:: Excerpted records ::

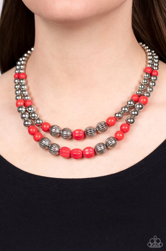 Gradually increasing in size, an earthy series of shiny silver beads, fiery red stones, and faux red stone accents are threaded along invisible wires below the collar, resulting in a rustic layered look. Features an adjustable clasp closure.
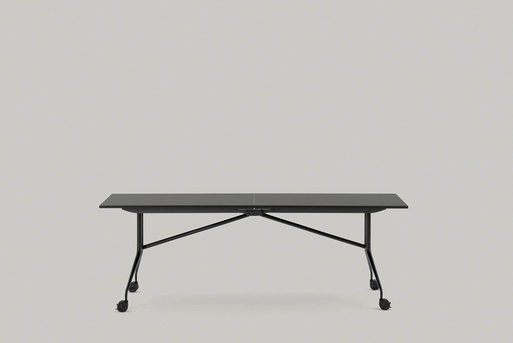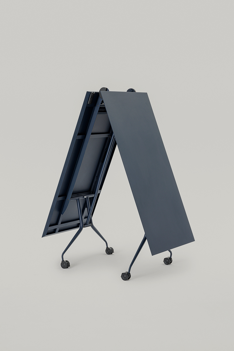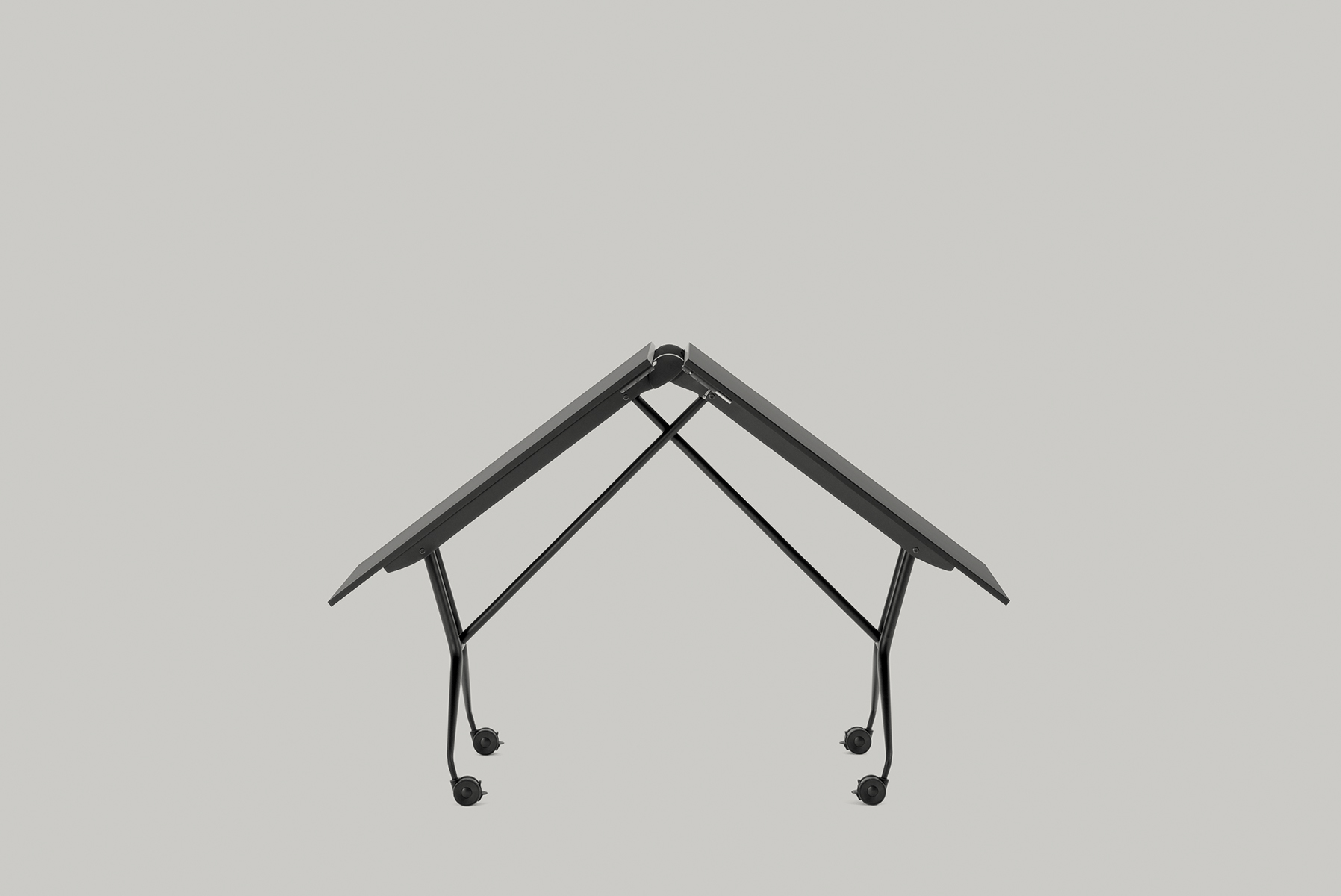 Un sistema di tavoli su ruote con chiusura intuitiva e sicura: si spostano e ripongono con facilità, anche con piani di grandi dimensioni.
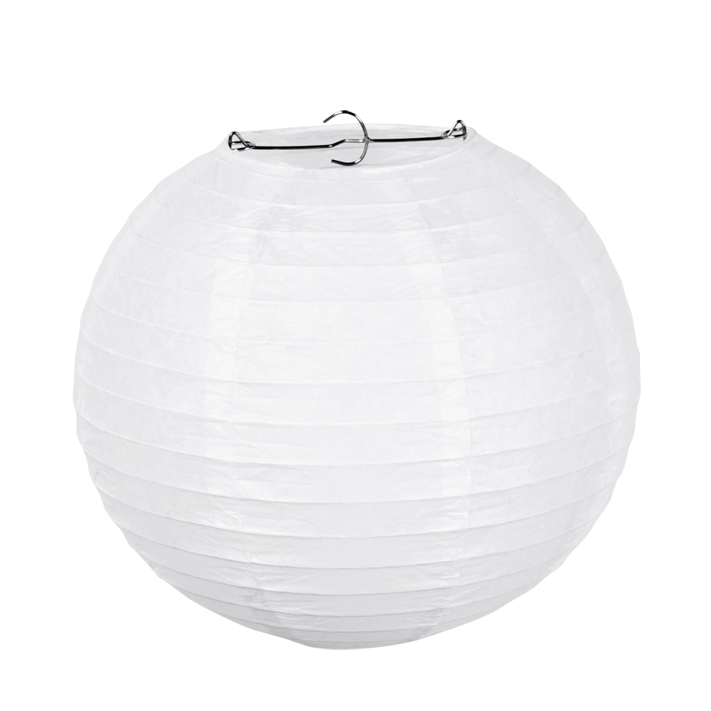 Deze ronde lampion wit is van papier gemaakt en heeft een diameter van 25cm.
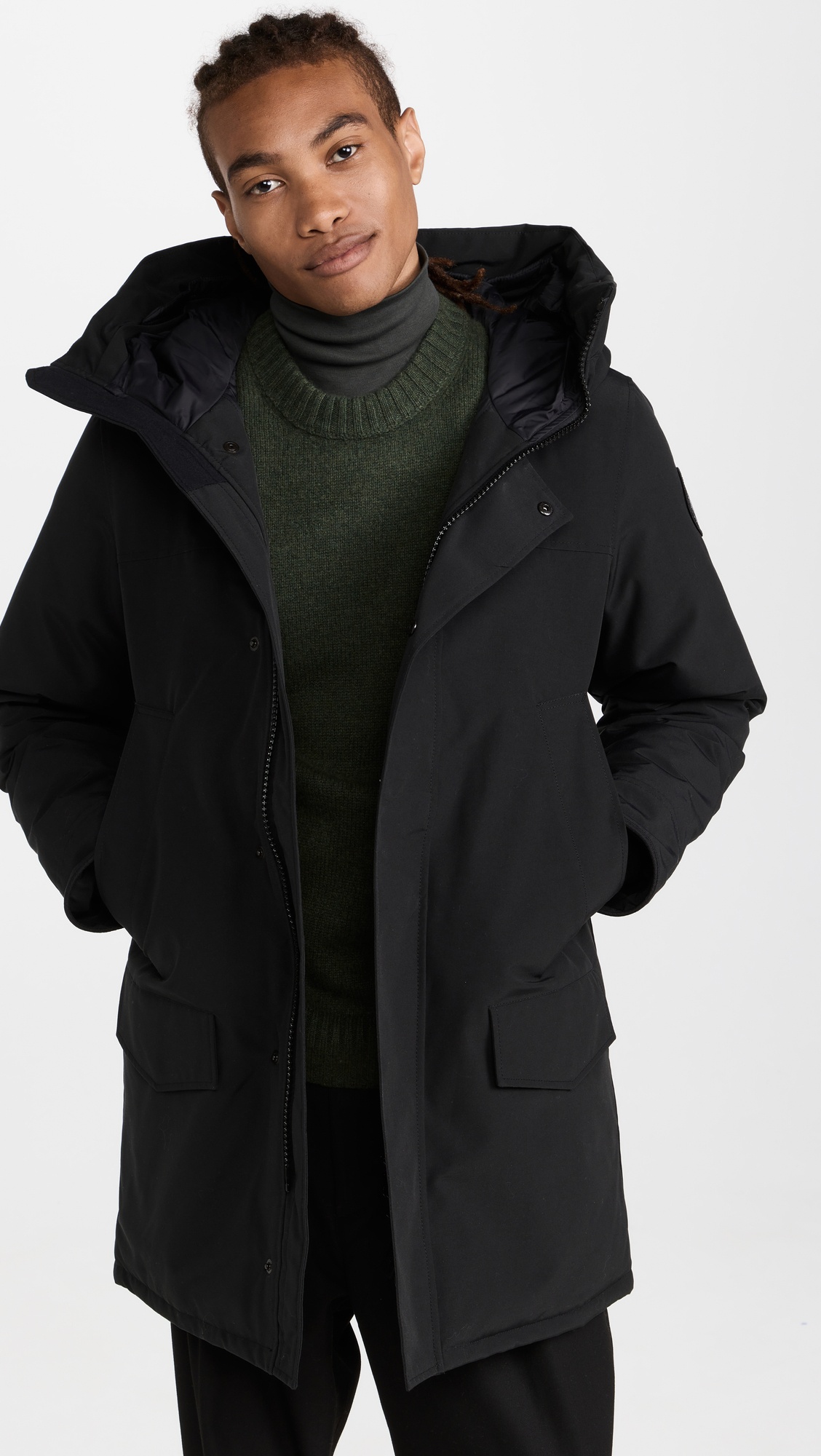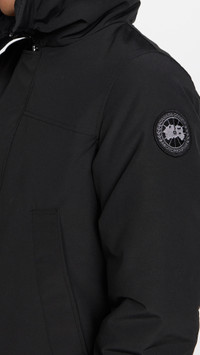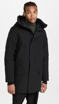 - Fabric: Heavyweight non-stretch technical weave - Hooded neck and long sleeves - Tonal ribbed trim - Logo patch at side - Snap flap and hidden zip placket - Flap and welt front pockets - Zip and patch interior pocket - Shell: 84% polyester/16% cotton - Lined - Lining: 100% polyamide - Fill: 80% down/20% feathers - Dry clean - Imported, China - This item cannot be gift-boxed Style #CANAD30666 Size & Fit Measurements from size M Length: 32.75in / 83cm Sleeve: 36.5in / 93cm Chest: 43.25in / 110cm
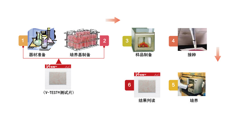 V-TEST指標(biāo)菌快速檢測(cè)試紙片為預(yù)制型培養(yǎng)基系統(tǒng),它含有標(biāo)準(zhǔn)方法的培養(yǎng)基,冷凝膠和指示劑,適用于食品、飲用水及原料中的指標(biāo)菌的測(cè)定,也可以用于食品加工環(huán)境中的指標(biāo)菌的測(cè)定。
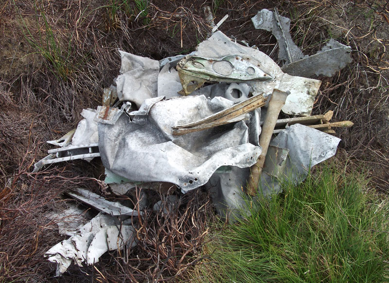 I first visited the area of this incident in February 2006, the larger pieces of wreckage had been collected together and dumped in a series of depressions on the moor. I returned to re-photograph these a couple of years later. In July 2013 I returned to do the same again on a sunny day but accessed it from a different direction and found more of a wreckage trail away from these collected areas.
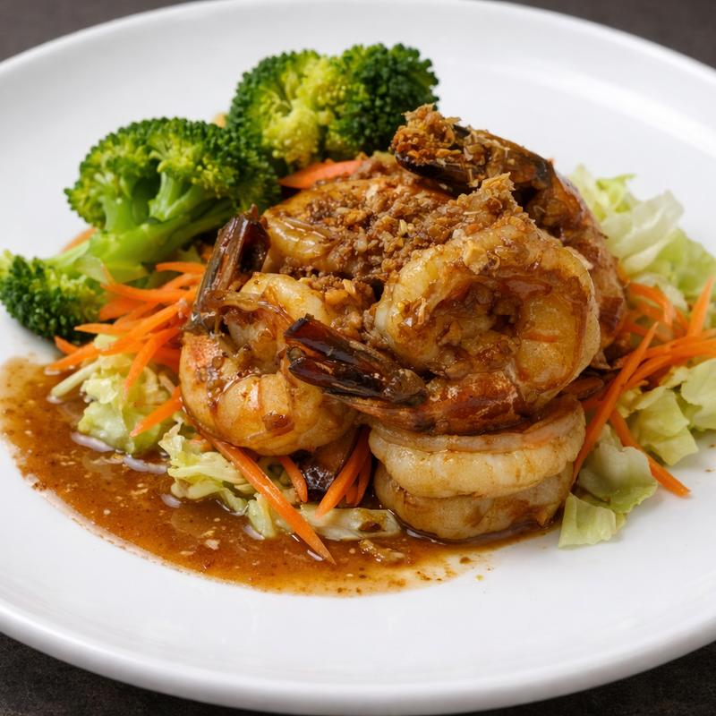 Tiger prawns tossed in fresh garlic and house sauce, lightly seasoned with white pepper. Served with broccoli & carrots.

:: Aim of the exercise ::
Minus its pictures, the full listing should be copied verbatim.

:: Solution to this exercise ::
 Gradually increasing in size, an earthy series of shiny silver beads, fiery red stones, and faux red stone accents are threaded along invisible wires below the collar, resulting in a rustic layered look. Features an adjustable clasp closure.
 Un sistema di tavoli su ruote con chiusura intuitiva e sicura: si spostano e ripongono con facilità, anche con piani di grandi dimensioni.
 Deze ronde lampion wit is van papier gemaakt en heeft een diameter van 25cm.
 - Fabric: Heavyweight non-stretch technical weave - Hooded neck and long sleeves - Tonal ribbed trim - Logo patch at side - Snap flap and hidden zip placket - Flap and welt front pockets - Zip and patch interior pocket - Shell: 84% polyester/16% cotton - Lined - Lining: 100% polyamide - Fill: 80% down/20% feathers - Dry clean - Imported, China - This item cannot be gift-boxed Style #CANAD30666 Size & Fit Measurements from size M Length: 32.75in / 83cm Sleeve: 36.5in / 93cm Chest: 43.25in / 110cm
 V-TEST指標(biāo)菌快速檢測(cè)試紙片為預(yù)制型培養(yǎng)基系統(tǒng),它含有標(biāo)準(zhǔn)方法的培養(yǎng)基,冷凝膠和指示劑,適用于食品、飲用水及原料中的指標(biāo)菌的測(cè)定,也可以用于食品加工環(huán)境中的指標(biāo)菌的測(cè)定。
 I first visited the area of this incident in February 2006, the larger pieces of wreckage had been collected together and dumped in a series of depressions on the moor. I returned to re-photograph these a couple of years later. In July 2013 I returned to do the same again on a sunny day but accessed it from a different direction and found more of a wreckage trail away from these collected areas.
 Tiger prawns tossed in fresh garlic and house sauce, lightly seasoned with white pepper. Served with broccoli & carrots.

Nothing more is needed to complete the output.